The following is a guest post by Janet Stanton Burt from SEI Goal Investor.
U.S. retirees report they’re having less fun, no matter how much money they have. Discover what research says you should do now to make your retirement more satisfying later.
Fewer retirees than ever report they are enjoying themselves in retirement — a trend that’s consistent across income groups, new research found. Discover how you can plan for a retirement that maximizes your chances for satisfying golden years.
Downward Satisfaction Trend
As you might expect, good health and plenty of money help retired workers enjoy themselves, but something else seems to be lowering retirees’ satisfaction. The proportion of retirees who say they feel “very satisfied,” dropped significantly in both the highest- and lowest-income groups between 1998 and 2012, according to a 2016 Employee Benefits Research Institute (EBRI) survey.
ERBI also uncovered an increase in the number of people who found retirement “not at all satisfying.” Retirees with pension income, who you’d think would feel satisfied because they’re financially secure, also reported rising dissatisfaction.
How to Plan for a Happy Retirement
Why aren’t more people happy in retirement? While the EBRI study didn’t explore the reasons for the drop, many other researchers have explored the factors that make retirement satisfying.
Build Your Nest Egg
Studies have linked wealth to retirement satisfaction, despite the ERBI data showing plenty of unsatisfied wealthy retirees. To give yourself the financial flexibility to change plans or pursue alternative retirement lifestyles, set a specific savings goal, and start investing as early as possible in your 401(k), IRA or other retirement accounts.
Starting to save and invest early maximizes the benefit of compound earnings over time. Consistent investing helps you build a nest egg so you can switch gears if you’re not satisfied with your original retirement plan.
Take Care of Your Health Now
Surprisingly, financial security isn’t the No. 1 ingredient in the recipe for retirement satisfaction: 81% of retired people said good health was the most important factor, a 2014 survey from Merrill Lynch revealed.
Other studies bear out that finding. About 80% of people who say they’re in excellent health also say they’re very satisfied with their retirements, while only 25% of folks in poor health report very satisfying retirements, according to the EBRI survey.

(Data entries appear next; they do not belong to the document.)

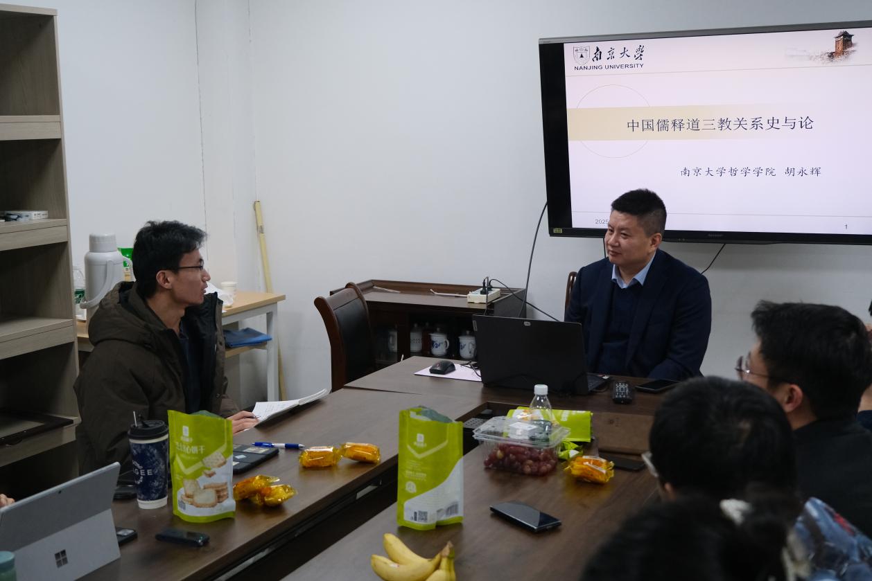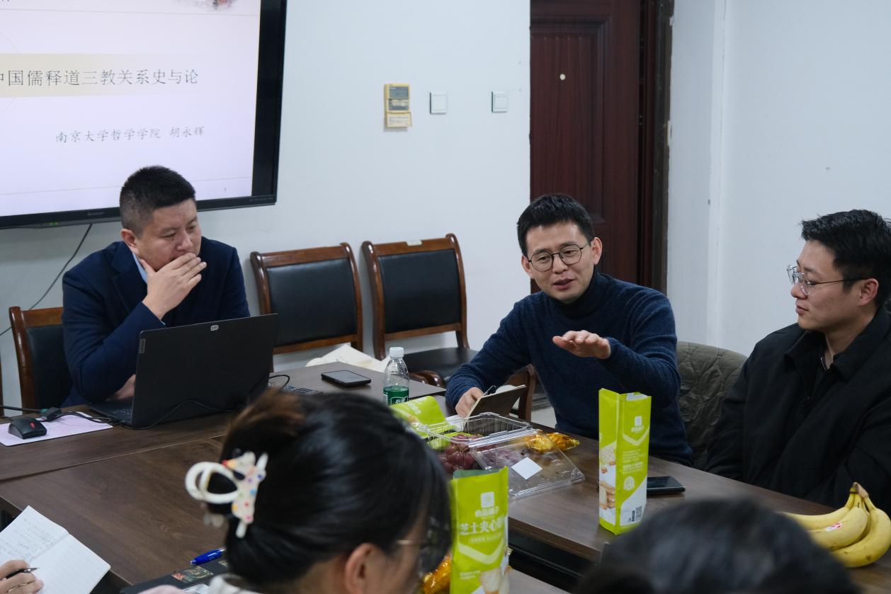 沙龙伊始,胡永辉老师介绍了自身研究方向,主要聚焦于中国佛学与与儒、释、道三教关系等领域。他首先指出,三教关系的演变和融合,既是文明互鉴的过程,也是理解文化交流的重要线索。这一课题兼具研究方法与研究对象的双重属性,对中国传统思想文化的演进产生了深远影响。
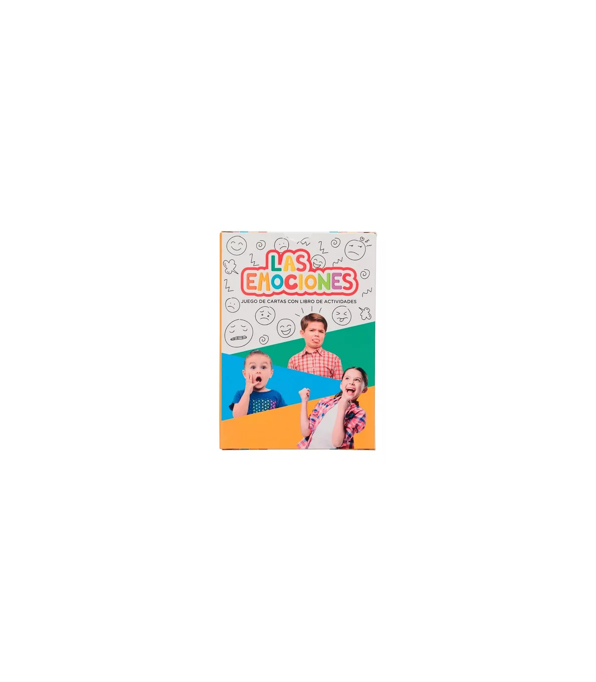Contiene libro de actividades y 4 tarjetas con ideas de juegos. Cada emoción está representada por imágenes reales de niños y niñas de diferentes edades.
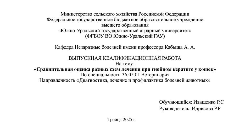 1. Министерство сельского хозяйства Российской Федерации Федеральное государственное бюджетное образовательное учреждение высшего
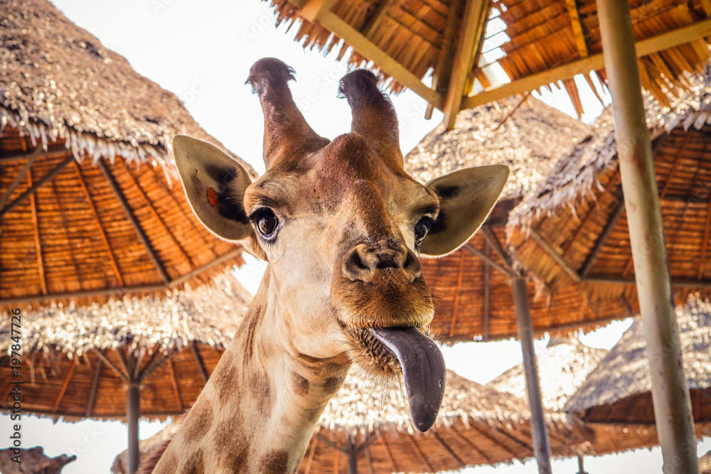 Samolepka close up portrait of a weird funny face giraffe

There’s nothing you can do about the genetic hand you’re dealt, but it’s never too late to make healthy lifestyle changes that can have a powerful impact on your health and longevity. Recommendations for healthy living in the Merrill report include:
- Maintaining a healthy weight
- Eating a nutritious diet
- Avoiding smoking and excessive alcohol
Budget for Travel
Traveling is, by far, the most popular retirement dream, a 2015 Transamerica study found. Seeing the world is a smart way to build life satisfaction. Research shows travelers are overall happier and healthier than non-travelers. Unfortunately, relatively few retirees travel frequently, and many regret not putting a higher priority on budgeting for retirement travel.
Avoid regrets: Why not fold travel into your retirement plan as a fixed, yearly expense, so you’ll have the resources to indulge your wanderlust?
There is a wealth of scientific evidence that social connection helps humans stay healthy and feel happier.
- Community volunteering provides many health benefits, and those 60 and older benefit most, research from the Corporation for National and Community Service shows
- Loneliness has more impact on life span than known vices like smoking, according to Healthy at 100: The Scientifically Proven Secrets of the World’s Healthiest and Longest-Lived Peoples, by John Robbins
- At least three hours socializing with family and friends is linked to a dramatic increase in happiness, a 2011 Gallup poll revealed
Once you leave the workforce, hobbies and activities can help rebuild the social networks you formed at the office.
Recent psychological research shows training our brains to be mindful dramatically impacts overall happiness. Mindfulness is a mental technique, somewhat like mediation, that promotes focusing on the present moment without judgement.
Studies have found that practicing mindfulness for even a few weeks can provide an array of physical, social and mental health benefits, including:
- Boosting immune function
- Reducing stress and depression
- Enhancing relationships between spouses
You’re probably not going to be able to accurately predict what you’ll do in retirement if you’re decades away from that life stage. But you can keep your options open through careful planning. Aim to head into retirement as healthy as possible, with a nest egg that will give you the financial flexibility to adapt and change your lifestyle to your satisfaction.
This information is provided for educational purposes only and is not intended to provide investment or legal advice. SEI does not claim responsibility for the accuracy or reliability of the information provided.